The minister was very concerned that the Singapore media should not, even unwittingly, promote or glorify homosexuality.

We tried to accommodate the minister's request concerning the use of the three-letter word.

It was not easy, especially when we were writing headlines. Headings almost always have a severely-limited word count. A word like 'homosexual' takes the space of three or more short ones.

So, after giving the request a fair go, we reverted to mainstream usage of gay as a socially acceptable, less in-your-face way of referring to homosexuals.

According to the New Oxford Dictionary of English, the word's centuries-old meanings 'carefree' and 'bright and showy' have virtually dropped out of use.

Now that Singaporeans are engaged in what last Friday's The New Paper called a Gay Debate, I am happy to detect more acceptance of the fact that homosexuals are human beings like the rest of us.

MORE ACCEPTANCE

The debate continues whether gays are people who have chosen or have been pushed into an alternative or undesirable lifestyle, or whether they are what nature intended them to be - born that way.

In other words, are they - using a tendentious term - normal like everyone else is 'normal' in the context of personal behaviour and sense of values or of morality?

No one in the Government seems to be bothered anymore by homosexuals co-opting the word 'gay' for their way of life.

Instead, the Government is taking what it calls a pragmatic approach.

It acknowledges that there is a place in Singapore for homosexual people, and also that there are those who strongly disapprove of homosexuality.

So it is not initiating any move to take sex between males out of the list of criminal acts. Yet sex between lesbians is not a crime.

There are no moral police out to hunt down homosexual acts between consenting adults.

But the law will punish any homosexual caught preying on children or making any inappropriate move on anyone.

The same applies to heterosexuals caught committing similar offences.

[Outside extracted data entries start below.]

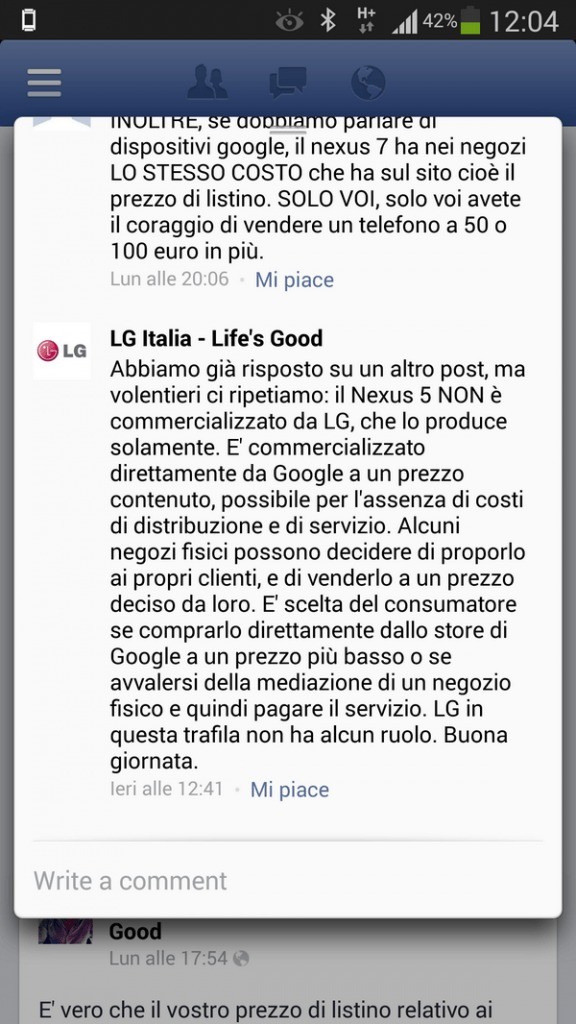 La notizia è relativa la fatto che alcune catene italiane avevano messo in vendita il Nexus 5 a prezzi ben più alti rispetto ai prezzi appena menzionati e gli utenti, giustamente hanno cercato di capirne il motivo. Euronics vende il modello a 459€ mentre Saturn a 399€ (parlando sempre del modello a 16 GB). La discussione è quindi nata veloce nei social network dove alcuni pensavano fosse per via della garanzia, altri invece sostenevano i costi di gestione che una catena deve tenere, fino a quando la discussione non si è protratta sul profilo Facebook di LG Italia, la quale ha chiuso il dibattito in questo modo: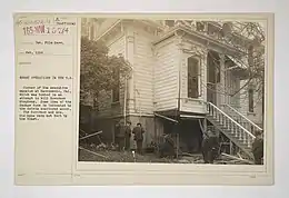 At 11:55 p.m. on December 17, 1917, the Governor and his wife Flora awoke to what they described as a "nervous shock". While no one was injured, including all of the servants, windows were shattered as far as two to three blocks away.[4] When the police arrived, they found Governor Stephens, with little care, wading through the wet, muddy basement in search of a clue as to how the bomb had been placed.[5] While neither he nor his guard had seen the perpetrator nor the act first hand, they both expressed the belief that the bomb had been thrown from an alley running about 40 feet from the rear of the house. As for the motive, Stephens was convinced of it "probably having been done with a view to terrorism, the chief weapon of the alien enemy," a claim likely linked to his recent series of addresses urging support for the war.[4]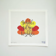 Celebrate Thanksgiving with a playful twist with the Gobble Til You Wobble needlepoint canvas by AP Needlepoint, designed by A Poore Girl Paints.

When I was 12 years old, I came very close to being raped by a gay friend of my father. When I was a young adult, another gay friend of my father held me in a crushing, unwanted embrace, kissing and groping me.

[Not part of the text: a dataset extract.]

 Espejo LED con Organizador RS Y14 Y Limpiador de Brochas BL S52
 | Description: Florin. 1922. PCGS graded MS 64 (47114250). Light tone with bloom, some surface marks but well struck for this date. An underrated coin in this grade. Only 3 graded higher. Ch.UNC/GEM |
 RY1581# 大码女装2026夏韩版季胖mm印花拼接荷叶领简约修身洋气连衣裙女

Despite those unpleasant experiences, I am close to a relative and have good friends - male and female - who are gay or bisexual.

Maybe because I have never married, I have been asked more than once, seriously, whether I was gay.

Those who know me, especially those who like to tease me about my mythical swinging bachelorhood, have not felt any need to ask me that question.

And I feel no need to take the word 'gay' back from homosexuals - even though they are now saying that 'happy' is the new 'gay'.